(Data records)
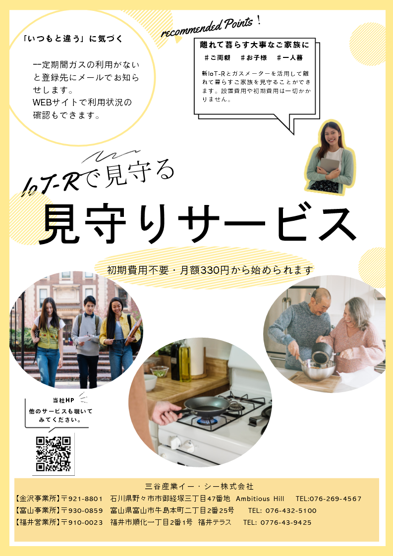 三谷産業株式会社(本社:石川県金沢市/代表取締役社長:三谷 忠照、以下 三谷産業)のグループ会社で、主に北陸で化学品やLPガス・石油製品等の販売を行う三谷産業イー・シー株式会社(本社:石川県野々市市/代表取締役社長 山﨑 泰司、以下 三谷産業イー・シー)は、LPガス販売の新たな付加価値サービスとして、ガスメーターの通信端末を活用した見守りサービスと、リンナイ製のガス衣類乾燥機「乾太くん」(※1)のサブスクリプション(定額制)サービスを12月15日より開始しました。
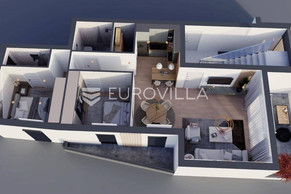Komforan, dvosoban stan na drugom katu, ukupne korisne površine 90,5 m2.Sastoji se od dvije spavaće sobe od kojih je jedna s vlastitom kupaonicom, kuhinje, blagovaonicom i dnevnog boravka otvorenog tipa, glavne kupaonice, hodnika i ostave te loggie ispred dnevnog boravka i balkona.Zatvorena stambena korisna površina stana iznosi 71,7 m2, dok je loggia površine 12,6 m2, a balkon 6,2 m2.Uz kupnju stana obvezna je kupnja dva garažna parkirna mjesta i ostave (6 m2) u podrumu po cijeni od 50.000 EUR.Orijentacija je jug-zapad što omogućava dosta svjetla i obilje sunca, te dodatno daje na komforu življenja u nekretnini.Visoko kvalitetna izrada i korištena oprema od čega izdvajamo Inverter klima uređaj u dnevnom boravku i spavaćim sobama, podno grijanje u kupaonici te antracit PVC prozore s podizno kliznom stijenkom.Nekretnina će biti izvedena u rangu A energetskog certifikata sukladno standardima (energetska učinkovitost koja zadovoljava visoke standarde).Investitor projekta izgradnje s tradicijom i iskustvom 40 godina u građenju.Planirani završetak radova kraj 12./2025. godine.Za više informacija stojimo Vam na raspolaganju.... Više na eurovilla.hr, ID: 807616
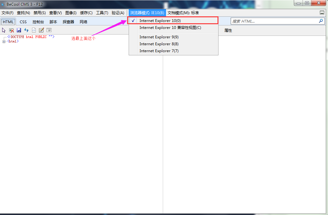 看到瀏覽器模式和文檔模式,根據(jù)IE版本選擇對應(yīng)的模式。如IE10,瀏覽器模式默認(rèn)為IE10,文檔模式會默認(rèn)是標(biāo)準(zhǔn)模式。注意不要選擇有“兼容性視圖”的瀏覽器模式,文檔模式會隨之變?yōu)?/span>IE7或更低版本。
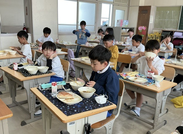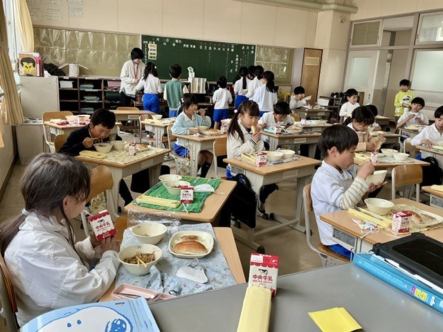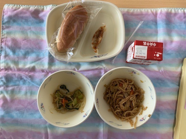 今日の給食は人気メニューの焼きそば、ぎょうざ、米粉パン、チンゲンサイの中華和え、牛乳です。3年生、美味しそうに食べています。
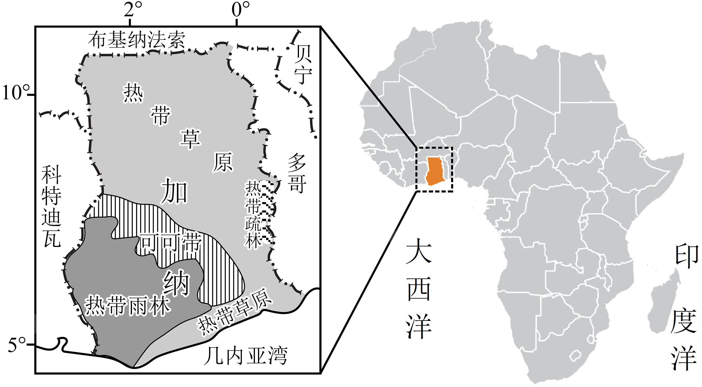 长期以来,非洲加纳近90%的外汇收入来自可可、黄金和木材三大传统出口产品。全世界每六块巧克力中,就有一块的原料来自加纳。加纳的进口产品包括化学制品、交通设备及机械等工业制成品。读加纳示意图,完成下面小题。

§ WORK REQUEST: With pictures left out, transcribe each line from the one containing "今日の給食は人気メニューの焼" through the end of the data, both ends included.

§ RESULT:
 今日の給食は人気メニューの焼きそば、ぎょうざ、米粉パン、チンゲンサイの中華和え、牛乳です。3年生、美味しそうに食べています。
 长期以来,非洲加纳近90%的外汇收入来自可可、黄金和木材三大传统出口产品。全世界每六块巧克力中,就有一块的原料来自加纳。加纳的进口产品包括化学制品、交通设备及机械等工业制成品。读加纳示意图,完成下面小题。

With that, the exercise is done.